TASK TO COMPLETE:
Would you return every entry below exactly as written, without its images?

Stored entries
• • • • •

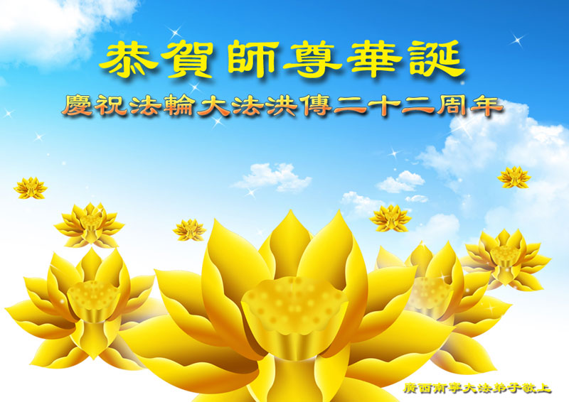廣西博白大法弟子懷著崇高的敬意感謝師尊二十二年來對我們的慈悲苦度。我們一定認認真真做好三件事,決不辜負師尊對我們的慈悲苦度。
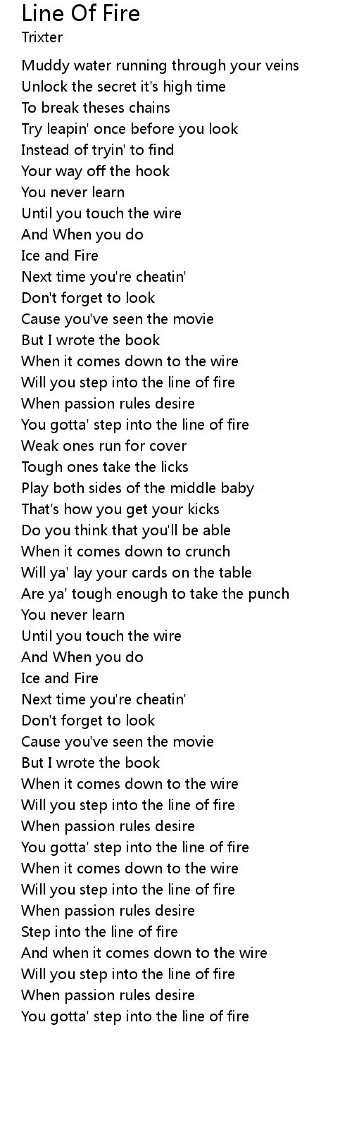 | Will you step into the line of fire | |
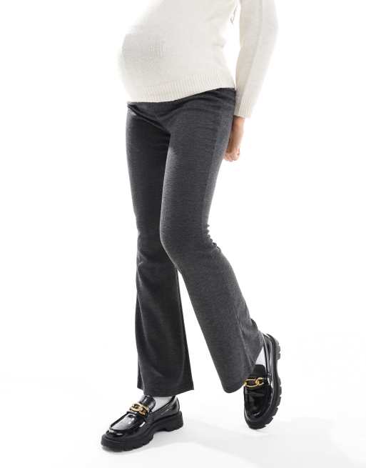 Mamalicious Maternity - Pantaloni a zampa in jersey grigio scuro con motivo a spina di pesce
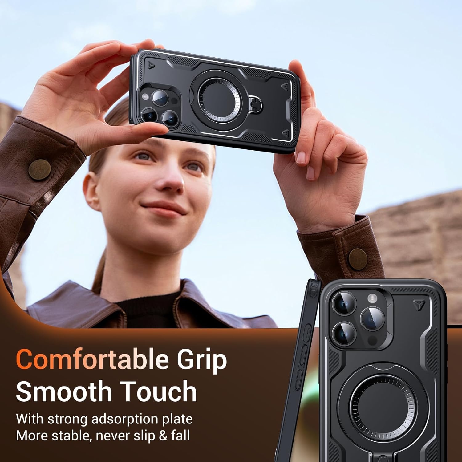 De iPhone 13 Pro Amor Case met roterende kickstand, ringhouder en MagSafe-compatibiliteit is het ultieme accessoire voor iedereen die functionaliteit, bescherming en stijl in één wil.
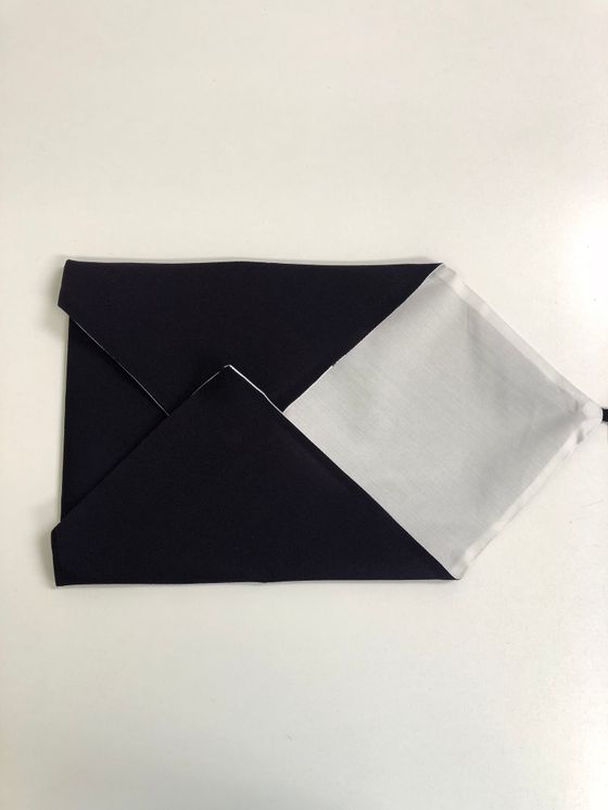 1. ご祝儀袋を、ふくさ中央よりやや左へ寄せる。
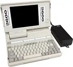 Toshiba launched the 8/16-bit Toshiba T1100 in 1985, and has subsequently described it as "the world's first mass-market laptop computer".[10] It did not have a hard drive, and ran entirely from floppy disks. The CPU was a 4.77 MHz Intel 80C88, a lower-power-consumption variation of the popular Intel 8088, and the display was a monochrome, 640x200 LCD. It was followed in 1987 by the T1000 and T1200. Although limited floppy-based DOS machines, with the operating system stored in ROM on the T1000, the Toshiba models were small and light enough to be carried in a backpack, and could be run from Ni-Cd batteries. They also introduced the now-standard "resume" feature to DOS-based machines: the computer could be paused between sessions without having to be restarted each time. In 1990, Toshiba launched the Toshiba T3200SXC that was "the world's first laptop computer with colour display".[11]

• • • • •

ANSWER SECTION:
廣西博白大法弟子懷著崇高的敬意感謝師尊二十二年來對我們的慈悲苦度。我們一定認認真真做好三件事,決不辜負師尊對我們的慈悲苦度。
 | Will you step into the line of fire | |
 Mamalicious Maternity - Pantaloni a zampa in jersey grigio scuro con motivo a spina di pesce
 De iPhone 13 Pro Amor Case met roterende kickstand, ringhouder en MagSafe-compatibiliteit is het ultieme accessoire voor iedereen die functionaliteit, bescherming en stijl in één wil.
 1. ご祝儀袋を、ふくさ中央よりやや左へ寄せる。
 Toshiba launched the 8/16-bit Toshiba T1100 in 1985, and has subsequently described it as "the world's first mass-market laptop computer".[10] It did not have a hard drive, and ran entirely from floppy disks. The CPU was a 4.77 MHz Intel 80C88, a lower-power-consumption variation of the popular Intel 8088, and the display was a monochrome, 640x200 LCD. It was followed in 1987 by the T1000 and T1200. Although limited floppy-based DOS machines, with the operating system stored in ROM on the T1000, the Toshiba models were small and light enough to be carried in a backpack, and could be run from Ni-Cd batteries. They also introduced the now-standard "resume" feature to DOS-based machines: the computer could be paused between sessions without having to be restarted each time. In 1990, Toshiba launched the Toshiba T3200SXC that was "the world's first laptop computer with colour display".[11]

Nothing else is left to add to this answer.